Dalla piazza provengono segnali di animazione. Là, dove molto tempo prima venivano a suonare i gruppi di rock' n' roll, alcuni ragazzi stanno rincorrendo un pallone, lanciando grida d'incitamento. E' l'unico sintomo di vita, ma forse nemmeno quei ragazzi pensano.
- Fiorella, perché non vai a far spesa? - rimbomba alle sue spalle la voce della madre. Fiorella, che ha sperato fino all'ultimo che sia domenica, capisce che forse è martedì e si prepara per uscire.
La mamma le consegna la lista. Poche cose da comperare nell'unico negozio del paese: mezzo chilogrammo di farina di mais, le sigarette, un po' di pane, la mostarda.
- Così, quando torni, potrai usare il grammofono.
Fiorella oltrepassa la porta di casa. In strada un turbine di vento la saluta e qualche cespuglio vola per aria. Si leva un ululato che pare il lamento di un essere vivente, ma neanche quell'angoscioso rumore scuote i vecchi dalla propria fissità.
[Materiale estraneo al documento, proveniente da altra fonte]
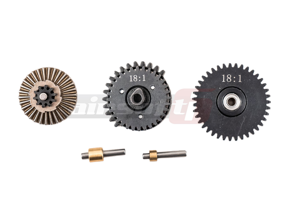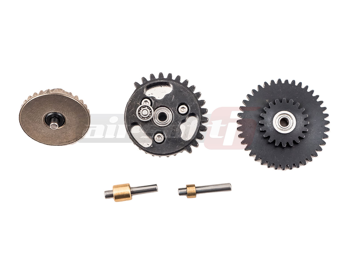Un set de roti destinat inlocuirii rotilor standard fabricatie BD Custom.. Aceste roti sunt fabricate din otel prelucrat CNC si sunt prevazute cu rulmenti pe axe pentru reducerea frictiunii. Cama pentru actionarea tappet plate-ului este deasemenea prevazuta cu rulment pentru imbunatatirea randamentului. Raportul lor este de 18 - 1, raport normal.

Fiorella sfila davanti a loro. Li saluta. I vecchi non rispondono e lei considera che tutti i giorni è la stessa storia. Ogni giorno quelle pipe sono spente.
Arriva in piazza. I ragazzi giocano al pallone e non si degnano di salutarla. Il loro campo immaginario parte dagli scalini della chiesa e si protrae sin quasi davanti al vecchio albergo di Paco.
“Un po' di tempo fa percorrevo un'altra strada per venire in piazza. Abitavamo in periferia, dall'altra parte del paese e si attraversava un bosco per giungere qui. Poi, non ricordo bene quando, improvvisamente abbiamo cambiato casa”.
I suoi occhi fissano per qualche istante il vuoto, perduti nell'oblio di ricordi sfocati. E, tentando di rammentare esattamente quando la mamma ha traslocato, Fiorella si ferma in un angolo della piazza.
- Hei!
Fiorella si volta. E' uno dei calciatori, il più alto e il più scuro. Gli altri, più piccoli e meno decisi, sono rimasti al centro della piazza e non giocano più. Lei sorride.
- Quando cresci, Fiorella?
Fiorella non capisce.
- Come?
- Crescere! Sai che significa? Cre-sce-re!
- Che vuoi dire?
- Voglio dire crescere, allungarti, allargarti! I miei amici vogliono sapere quando verrà il momento.
- Quale momento?
- Il momento per farti vedere QUESTO!